Auch diese ist als zip-File angehängt. Wir wollen ja den Stil waren  :Wink:

----------


## LX-Ben

Nach über vier Monaten Erfahrung - es ist einfach herrlich (oder neudeutsch
goil), nach Lust und Laune aber praktisch ohne jedes Risiko Neues zu testen
und dann das eventuell zermüllte Testsystem aus dem Produktionssystem
wieder herzustellen oder die Änderungen auch in die Produktionspartition
zu übernehmen. Gäste zuhause erhalten nur Zugang auf mein Testsystem
als stark eingeschränkter Normaluser - diesen User gibt es zwar auch in der
Produktionspartition -so dass er per cp automatisch auf dem Testsystem
vorhanden ist- aber auf der Produktions-Partition wird dieser spezielle user 
nicht angerührt. Z.B. kann ich damit risikolos diese bekannte Gäste-Bitte 
erfüllen "Darf ich mal schnell nachsehen, ob neue Mails für mich bei web.de 
angekommen sind?" 

Aktuell hatte ich nacheinander fünf verschiedenen mplayer-binary-RPMS    
getestet, die aber alle entweder nicht sauber oder gar nicht liefen - jetzt
ist der Testrechner wieder sauber.

----------


## linuxhanz

auch_seMf_add:  :Big Grin: 

früher war man auch gut beraten die erste Partition für BSD/M$ etc. zu nutzen.
Zumindest BSD ging ne Zeit lang nicht auf logische Partitonen zu installen.
(deshalb auf ne primary)

Gemein ist auch, wenn der lilo im mbr sitzt und man mal von hda mal von
hdb (Wobei ich hier von 2 Platten spreche)
(usr)/sbin/lilo ausführt das kann böse überraschungen mit-sich-bringen.
Es dauert einige Zeit (fand ich) per Rettungssystem dem lilo alles 
benutzerdefiniert zu übergeben.

EDIT: hat mal jemand lilo -r ausprobiert?
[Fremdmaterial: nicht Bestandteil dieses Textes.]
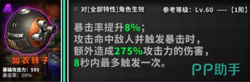 可能有部分玩家在体验艾莲这个角色的时候,还不能够获得深海访客,此时玩家可以选择加农转子。毕竟加农转子也能够有效的提供暴击率,并且在暴击敌人的时候也会造成额外的攻击伤害。其实加农转子主要就是速切增伤,所以艾莲在使用加农转子的时候,可以战场持续性的输出。
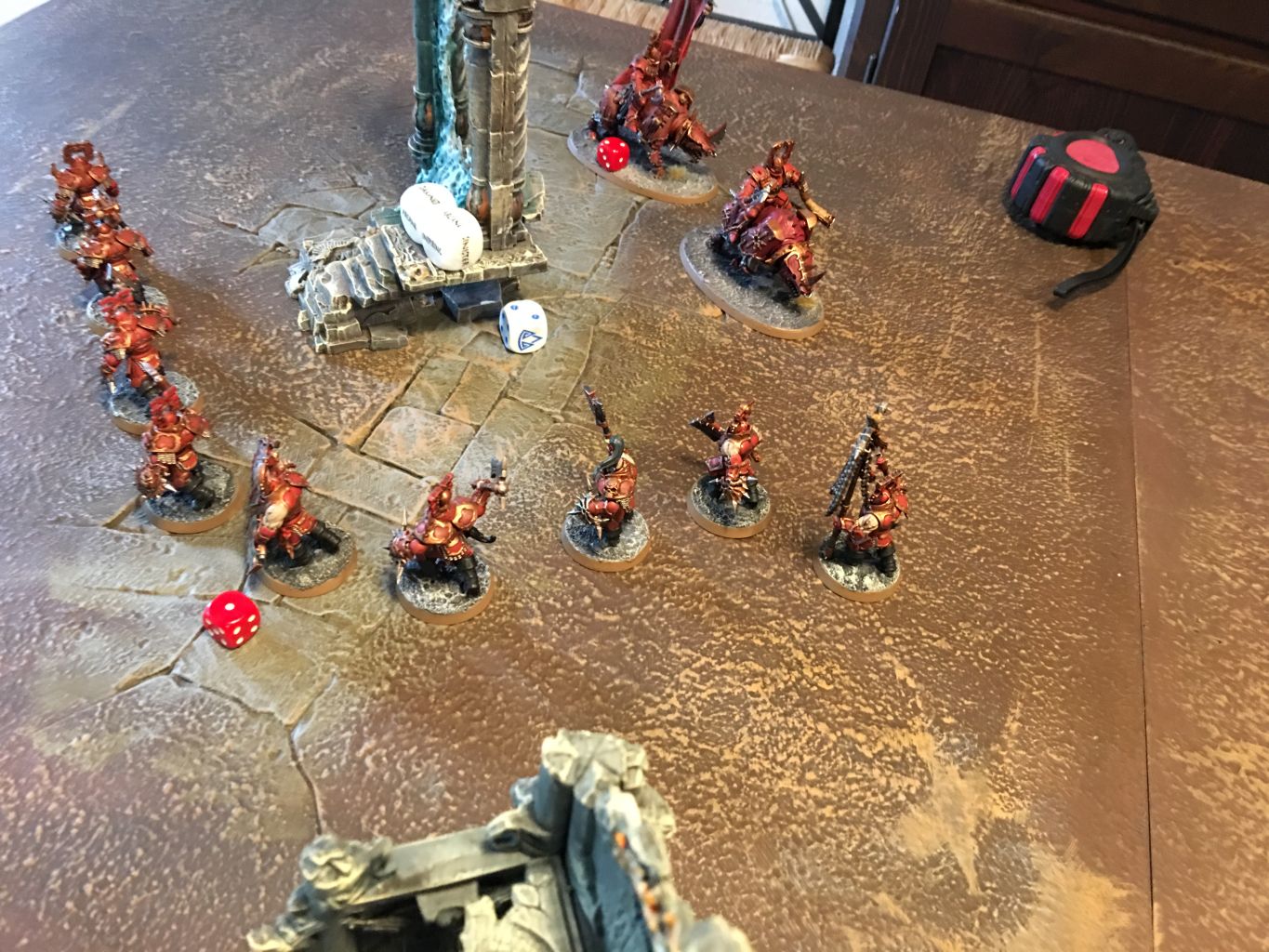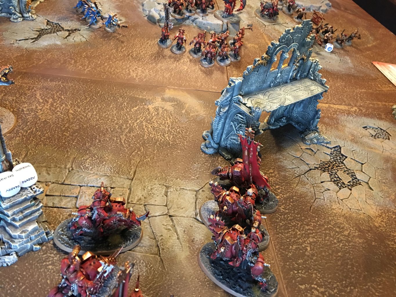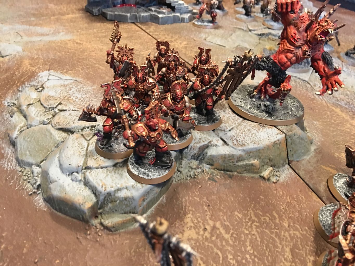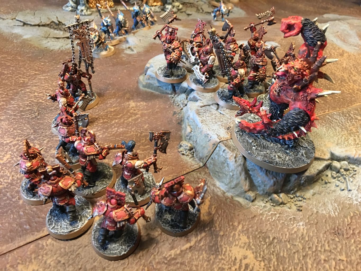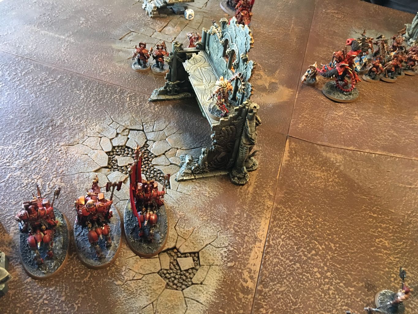 - Die Khorne Bloodbound hatten sich zentral aufgestellt. Durch ihre Masse ragten die Truppen Khornes in die Flanken des Schlachtfelds.

Meisst habe ich dann Kernel/initrd nochmal in die Partition kopiert von der ich lilo 
ausgeführt habe.

Übrigens ist das BSD-Kernel kompilieren auch nicht so schwer.

Und noch ein Tip: Immer auf dem 2. Rechner eine Doku/Intern{a|e}t
Anschluss und/oder Bücher und nicht Bier.

Besser ist ein extra Test Rechner.

----------


## LX-Ben

Neben meinen einjährigen Praxiserfahrungen (Testsystem wegen Unzufriedenheit mit Installationen aus Produktionspartition in 20 Minuten wieder hergestellt) gibt es eine weitere Anwendererfahrung: http://www.linuxforen.de/forums/show...hreadid=111478

----------


## LX-Ben

SuSE-Update9.0-geprägter Nachtrag!

Der Startbeitrag war beflügelt von der Begeisterung, fast risikolos wie unser Firmen-Rechenzentrum testen und ggf. den Rückweg anzutreten zu können, nachdem das  Testsystem-SuSE8.1 auch nach Update des Produktionssystems auf 8.2 problemlos weiterfunktionierte. Doch mit dem SuSE9.0-Update "kommt die Stunde der Wahrheit" - hält mein aus Erfahrungen anderer zusammengesetzter Lösungsvorschlag?  [SuSE9.0-Neuinstallationsfragen sind damit ausgeklammert!].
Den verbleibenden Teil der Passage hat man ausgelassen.